- [The task]: Nothing but a number should be given: how many lines in the entries below include the string "loose".

.....

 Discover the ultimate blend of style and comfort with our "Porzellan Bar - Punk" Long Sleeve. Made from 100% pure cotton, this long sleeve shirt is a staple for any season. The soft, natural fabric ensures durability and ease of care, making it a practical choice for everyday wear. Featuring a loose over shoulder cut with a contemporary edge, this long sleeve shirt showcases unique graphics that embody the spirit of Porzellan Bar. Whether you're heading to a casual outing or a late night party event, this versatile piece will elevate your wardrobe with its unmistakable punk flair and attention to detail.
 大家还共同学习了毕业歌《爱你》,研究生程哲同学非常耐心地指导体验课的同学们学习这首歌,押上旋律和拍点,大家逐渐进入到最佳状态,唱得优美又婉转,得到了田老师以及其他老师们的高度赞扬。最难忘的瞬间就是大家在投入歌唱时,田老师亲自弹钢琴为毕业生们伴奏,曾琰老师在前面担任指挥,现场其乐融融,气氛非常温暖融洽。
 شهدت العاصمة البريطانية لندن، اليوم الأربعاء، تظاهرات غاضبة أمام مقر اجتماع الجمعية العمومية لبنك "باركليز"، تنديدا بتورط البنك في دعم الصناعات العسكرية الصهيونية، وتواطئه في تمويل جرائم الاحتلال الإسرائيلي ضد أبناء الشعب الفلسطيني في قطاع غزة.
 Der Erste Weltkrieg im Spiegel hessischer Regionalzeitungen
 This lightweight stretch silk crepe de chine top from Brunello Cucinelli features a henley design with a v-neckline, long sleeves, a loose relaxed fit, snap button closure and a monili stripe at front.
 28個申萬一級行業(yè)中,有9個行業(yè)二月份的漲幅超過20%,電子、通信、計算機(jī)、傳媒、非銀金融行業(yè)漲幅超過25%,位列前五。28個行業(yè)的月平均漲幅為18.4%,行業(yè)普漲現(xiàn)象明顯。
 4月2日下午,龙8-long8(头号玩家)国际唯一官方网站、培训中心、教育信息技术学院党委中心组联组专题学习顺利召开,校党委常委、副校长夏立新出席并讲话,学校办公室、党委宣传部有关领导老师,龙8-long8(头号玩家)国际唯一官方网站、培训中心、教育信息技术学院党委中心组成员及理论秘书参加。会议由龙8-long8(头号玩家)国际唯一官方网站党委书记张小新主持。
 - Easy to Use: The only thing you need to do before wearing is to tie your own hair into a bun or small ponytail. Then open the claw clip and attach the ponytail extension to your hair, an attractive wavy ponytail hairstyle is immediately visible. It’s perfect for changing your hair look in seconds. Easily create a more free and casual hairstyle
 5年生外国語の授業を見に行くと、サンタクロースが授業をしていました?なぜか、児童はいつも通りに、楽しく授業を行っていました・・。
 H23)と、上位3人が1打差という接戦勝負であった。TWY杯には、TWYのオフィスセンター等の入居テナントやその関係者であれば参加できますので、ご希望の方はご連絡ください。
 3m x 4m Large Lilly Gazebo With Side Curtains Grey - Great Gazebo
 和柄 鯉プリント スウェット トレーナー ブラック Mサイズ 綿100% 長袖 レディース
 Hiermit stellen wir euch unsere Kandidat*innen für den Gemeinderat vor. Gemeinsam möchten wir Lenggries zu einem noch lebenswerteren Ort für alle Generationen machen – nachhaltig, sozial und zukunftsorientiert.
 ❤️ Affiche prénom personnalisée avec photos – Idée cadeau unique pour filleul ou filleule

.....

- [Response below]: 2